The series’ next step is positioned as image and video generation, with diffusion and video models expected to be more complex to set up than local chat and vision in LM Studio.
Cornell Notes
Local LLMs become genuinely usable on a home PC when they’re run with LM Studio on a high-VRAM GPU like the RTX 5090. DeepSeek R1 variants show that 7B and 14B models can run with full GPU offload and an 8,000-token context window at interactive speeds, while 32B models require careful quantization to avoid heavy RAM/disk offloading. Quant 4 distillation stays practical; quant 8 can saturate 32 GB VRAM and slow generation sharply when it overflows into system memory and storage. Multimodal performance is demonstrated with Gemma 327B (quant 4), which can roast images and dissect memes/posters locally.
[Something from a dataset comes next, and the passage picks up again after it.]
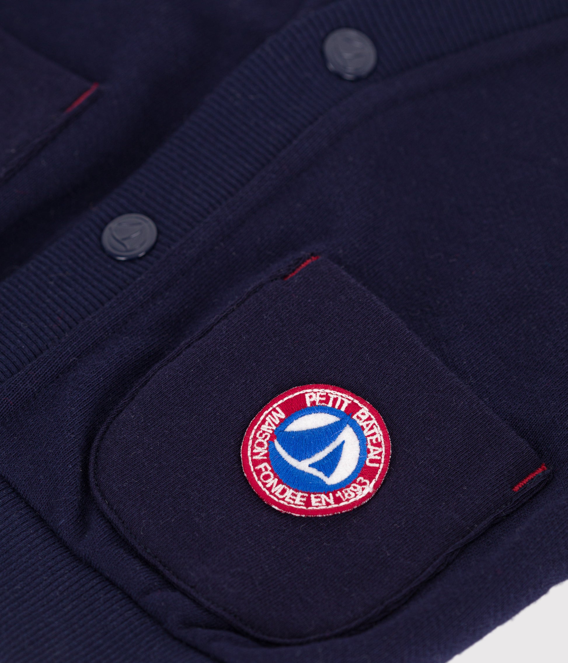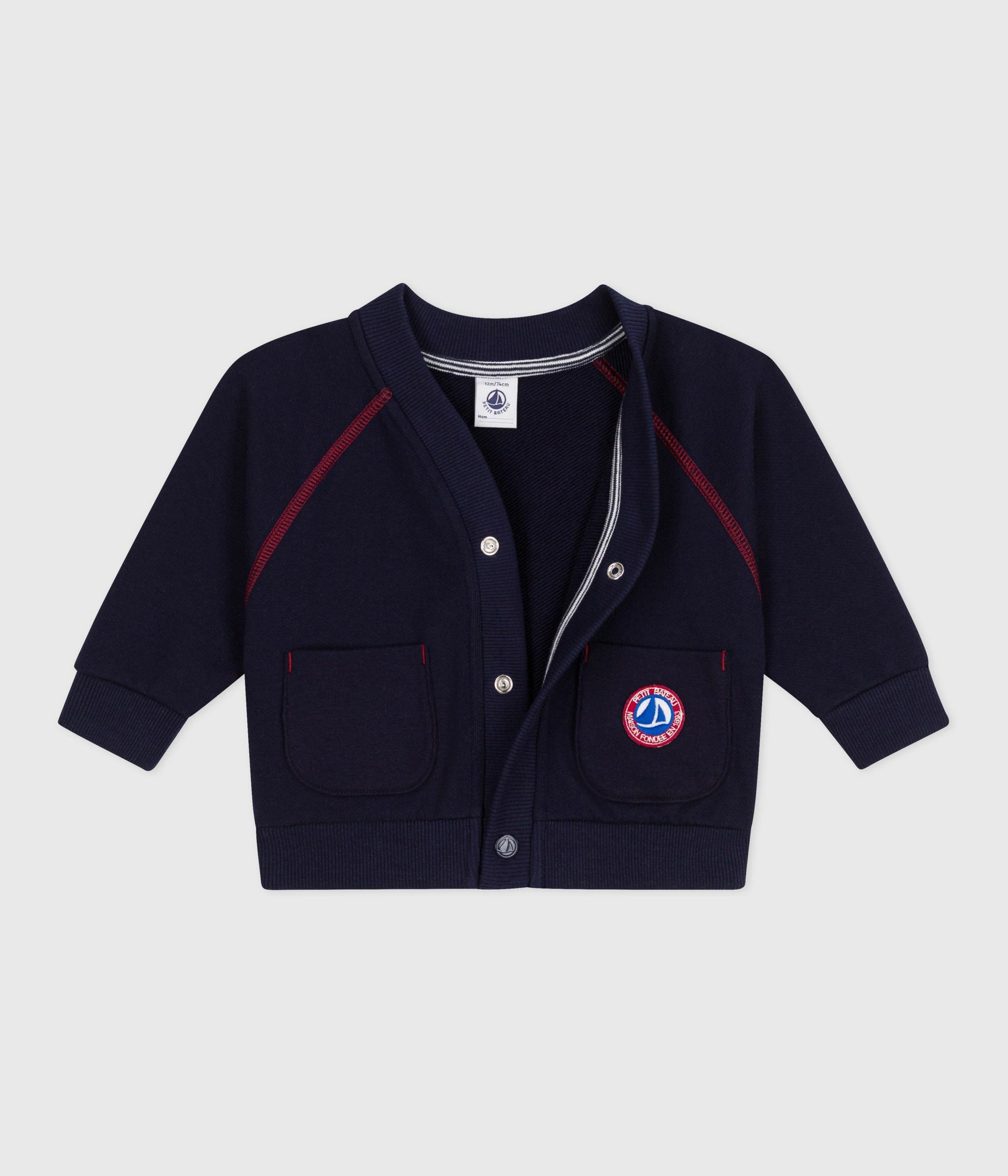 Cardigan bébé en coton uni, coutures contrastées

Even a 360M-parameter model can generate hundreds of tokens per second, making summaries and creative text tasks fast.
What settings made the 7B DeepSeek R1 run feel fast and responsive locally?
How did scaling from 7B to 14B affect speed and memory, and what task was used to judge capability?
Why did the 32B quant 8 attempt become much slower than quant 4?
What evidence showed that Gemma 327B was truly multimodal and running locally?
What did the small 360M model reveal about throughput and practical limits?
Review Questions
- When does quantization help most for local LLMs, and when can it backfire by forcing RAM/disk offload?
- How do context length and evaluation batch size trade off against VRAM usage and generation speed in these tests?
- What kinds of image understanding tasks did Gemma 327B handle well, and where did it make noticeable mistakes?
Key Points
- 1
LM Studio can run open-weight LLMs locally on an RTX 5090, enabling full offline access once models are downloaded.
- 2
DeepSeek R1 7B (quant 8) with an 8,000-token context and full GPU offload generated around 77.8 tokens per second with ~0.3s first-token latency.
- 3
DeepSeek R1 14B (quant 8) increased VRAM usage to about 18 GB while still producing detailed outputs at roughly 47 tokens per second.
- 4
32B quant 4 stayed practical with full GPU offload and ~20 GB VRAM usage, but 32B quant 8 saturated 32 GB VRAM and spilled into RAM/disk, dropping speed to single-digit tokens per second.
- 5
Gemma 327B (quant 4) demonstrated local multimodal capability, streaming image-based roasts and meme/poster dissections at ~50+ tokens per second.
- 6
A 360M-parameter quant 8 model generated hundreds of tokens per second and showed that evaluation batch size has diminishing returns beyond a certain point.